Recognizing and getting out of the nightmare takes tremendous courage. Filing for separation or divorce is a heroic feat for an abused spouse, as the risk of retaliation is great. Typically intimidation and violence escalates. Sometimes a protective order is needed. If there are kids involved, it can become really ugly, especially when the abuser sees the kids as an entitlement.
Then there’s the task of tediously dividing everything acquired during the marriage. A daunting task even for level-headed people. It demands transparency, compromise, integrity and restraint. Not qualities you find in an abuser. When a marriage is abusive, the power balance is so skewed that it may not be safe or productive to even have the couple in the same room, let alone discuss a compromise.
Abuse as a legal strategy
Given an abuser’s tendencies, divorcing one can be like walking through a minefield. Often, the legal process becomes another tool in the abuser’s arsenal — especially if money is no object. The mistreated spouse quickly learns abuse at home gets replaced with abusive legal tactics. It can be a rude awakening and impossible to stop. In order to stay in the game, particularly against an abuser, you need to be financially prepared because running up your legal costs is the opposing side’s strategy to shut you out of the game.

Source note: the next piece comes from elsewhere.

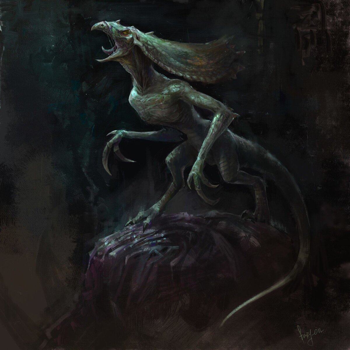 Более всего тварь напоминала тощего, гуманоидного трицератопса. Покрытое бледной, какой-то грязной, мелкой чешуёй тело, не сильно отличающееся от человеческого, венчала голова с большим шипастым костяным «воротником», длиной сантиметров семьдесят и шириной около полуметра. Вместо рта у существа был здоровенный клюв, которым оно, в данный момент, рвало мясо и по-птичьи глотало.

Pursuing your legal rights is expensive and often there is great disparity between what spouses can afford. Commonly, it’s the abuser who has the money and unrelenting drive to escalate and prolong the legal battle. All too often, winning at all costs is the abuser’s goal.
Gathering the required knowledge and support (emotional and financial) can go a long way in protecting yourself in any divorce, especially one involving abuse.